The National Association of State Chief Information Officers (NASCIO) is pleased to announce the release of its new issue brief "IT Governance and Business Outcomes - A Shared Responsibility between IT and Business Leadership".
This issue brief presents a new environment where information technology must be managed as a business capability for achieving business transformation. This publication is the introduction to a forthcoming series on governance. The governance challenge was ranked as one of the top ten priorities of state CIOs in a survey of the states conducted in October of 2007. This issue brief is available at: www.nascio.org/publications.
"Governance is indeed a priority for the state CIO," said South Carolina CIO Jim Bryant, PhD, co-chair of NASCIO's Enterprise Architecture Committee. "We're presenting this foundational publication and will publish in additional areas such governance of knowledge / information assets, and services. In this first issue brief we are making a strong recommendation for ongoing engagement of the state agency business executive. Investments in technology must achieve business outcomes. We can't make that happen without full participation from our business partners. Investments in information technology can have very broad reach. Part of proper governance is taking account of that reach and ensuring those who are affected have a seat at the table."
Governance requires frameworks and processes - but most important is the involvement of stakeholders.

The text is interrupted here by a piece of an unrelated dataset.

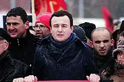 Albin Kurti (Albanian: ['albin 'kuɾti]; born 24 March 1975) is a Kosovo Albanian politician who has been serving as Prime Minister of Kosovo since 2021, having previously held the office from February to June 2020. He came to prominence in 1997 as the vice-president of the University of Pristina student union, and a main organizer of non-violent student demonstrations of 1997 and 1998. Kurti then worked in Adem Demaçi's office when the latter became the political representative of the Kosovo Liberation Army (KLA). Kurti has been a member of the Assembly of the Republic of Kosovo since 2010 in three consecutive legislatures.

"We present the concept of decision rights and performance metrics," said Utah CIO Stephen Fletcher, co-chair of NASCIO's Enterprise Architecture Committee. "All of these mechanisms that comprise governance only exist in order to achieve the tangible business outcomes of the state and its agencies. Our business partners - that is, the agency business executive directors are the leaders in their respective area that define what success looks like. Enterprise architecture, program and project management, balanced scorecard and other disciplines are employed only to reach those outcomes. Performance metrics must therefore be defined in collaboration with our business partners. In the end, it is people that make things happen. Governance will not be effective without business owners and other stakeholders taking part in the process and being accountable for the outcomes achieved."